”It may yet prove to be a more important contribution to the ongoing debate about welfare than its incendiary predecessor, Benefits Street.”

Britain's Benefits Tenants

Britain’s Benefits Tenants, Channel 4

“In the debate over whether these programmes constitute ‘poverty porn’ or valid insights into overlooked corners of British society, Anouk Curry’s film gave us a bit of both. What stopped it from being simply a voyeuristic catalogue of desperation and squalor were the insights it gave into a dysfunctional system.”
Gerard Gilbert, The Independent

“The problem was the problem there is with almost all these poverty porn-y programmes. They focus on individuals and individual stories and our sympathies and judgments are invited accordingly.”
Lucy Mangan, The Guardian

“It is to Channel 4’s credit that a nuanced and intelligent programme eventually emerged.
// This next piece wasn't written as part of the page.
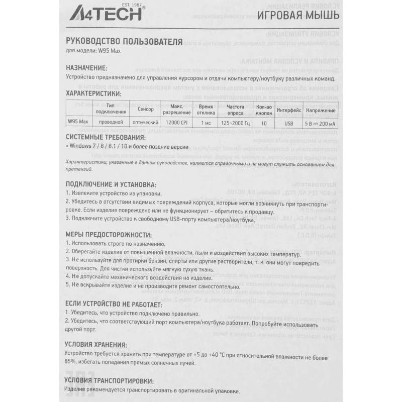 Мышь A4Tech Bloody W95 Max черный оптическая 12000dpi USB 6but (W95 MAX STONE BLACK)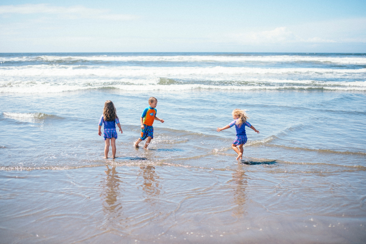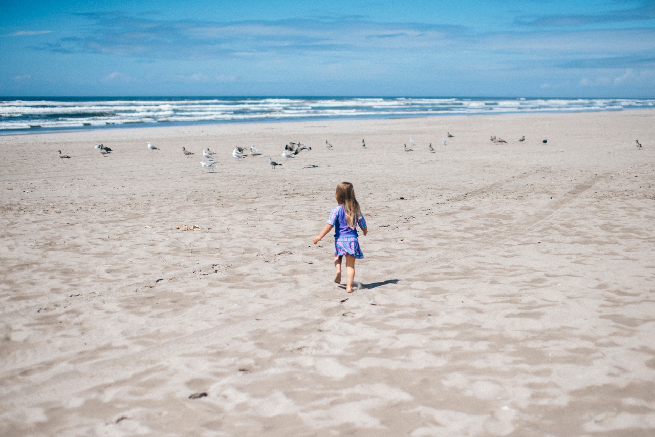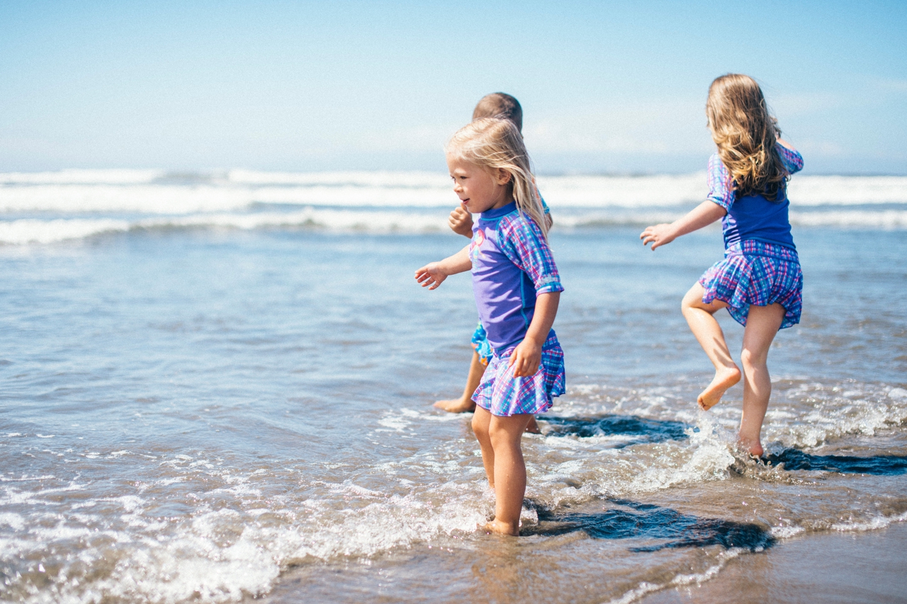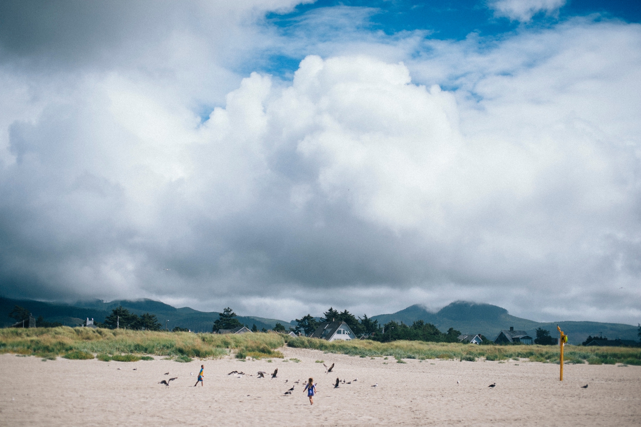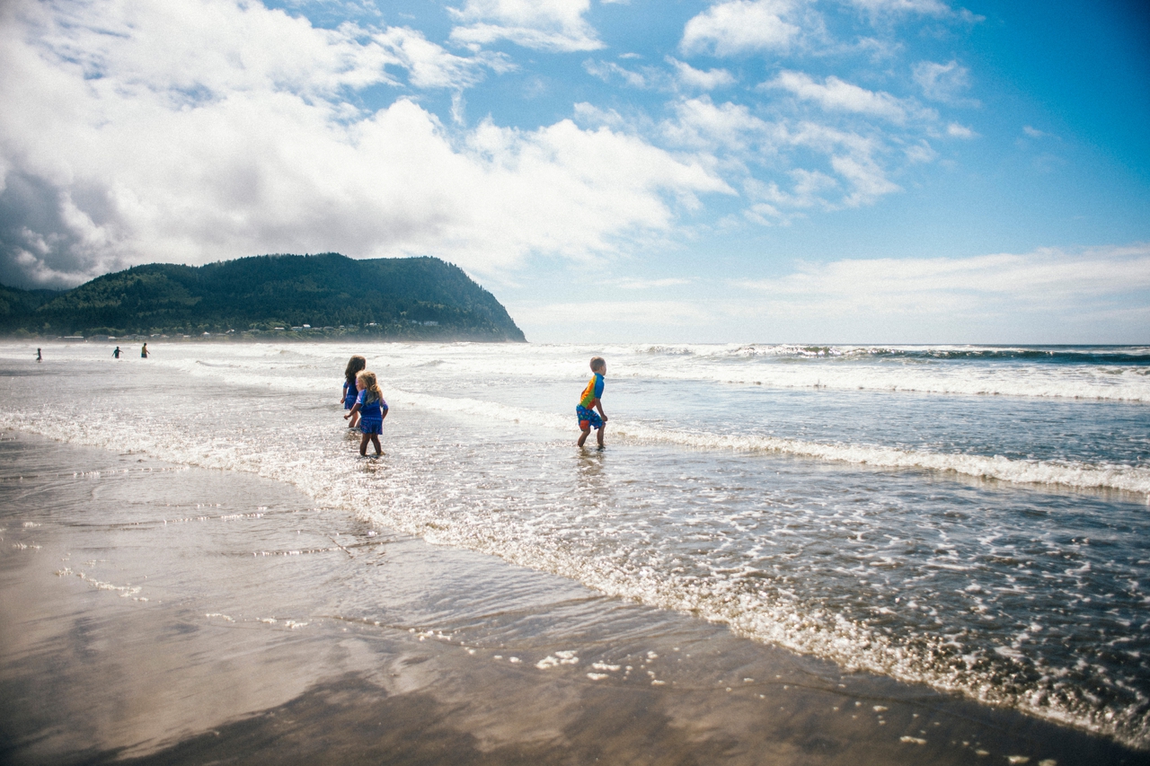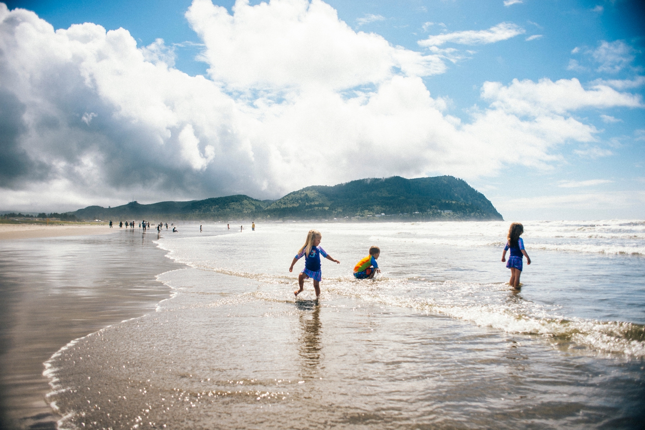 Recently I drove down to the Oregon coast to meet up with some friends who were staying in a beach house with some extended family for the weekend. We walked down to the shore and played in the sand and jumped in the waves. The weather was absolute perfection and we had the only little pocket of sunshine on the beach, completely surrounded by rain clouds. Nothing stops kids from getting in the water though. And, since I’m posting this on a weekend that’s been 95 degrees plus (even at the PNW beaches of Washington and Oregon!) nothing sounds better than sticking my toes in the sand and walking out in the waves of the Pacific Ocean.

It may yet prove to be a more important contribution to the ongoing debate about welfare than its incendiary predecessor, Benefits Street.”
Rupert Hawksley, The Telegraph

“Benefits Street worked because, love them or detest them, the characters on that show made great TV.
These tenants, by contrast, appeared to have been picked at random by a film-maker with zero budget and even less interest.”
Christopher Stevens, DailyMail

“I’d expected to emerge from this programme feeling as if the agencies were the true villains of the piece. I’m not sure there were any villains at all in fact but the people sorting out the tenancies and the evictions and the range of snags in between certainly didn’t come across badly.”
Matt Baylis, Daily Express

“Going to the Dogs was undoubtedly a better, more contextualised look than most at how poverty and lack of opportunity can brutalise people – although it fought a little shy of examining how great a part ethnic and cultural traditions may play.”
Lucy Mangan, The Guardian

“Going to the Dogs lacked the teeth to really make an impression. Woolcock has a well-earned reputation for producing films on difficult subjects. Here, however, she was hamstrung by a lack of compelling footage.”
Rupert Hawksley, The Telegraph

“What looked as if it would be a squeal of horror at a recent 400 per cent rise in dog fighting in Britain turned into thoughtful essay on how humans use all animals.”
Andrew Billen, The Times

Playhouse Presents: Damned, Sky Arts 1

“Co-written (with Morwenna Banks) by Jo Brand from Getting On, and with Alan Davies, Ricky Grover and Rebekah Staton in the cast, Damned had every chance to be brilliant, but it was only a little brilliant. Damned could still turn out to be genius, but Sky needs to give its makers time and money to do it again.”
Andrew Billen, The Times

“It’s formulaic in its way – but when the constituent parts are The Thick of It, Twenty Twelve and Getting On then it’s my kind of formula.”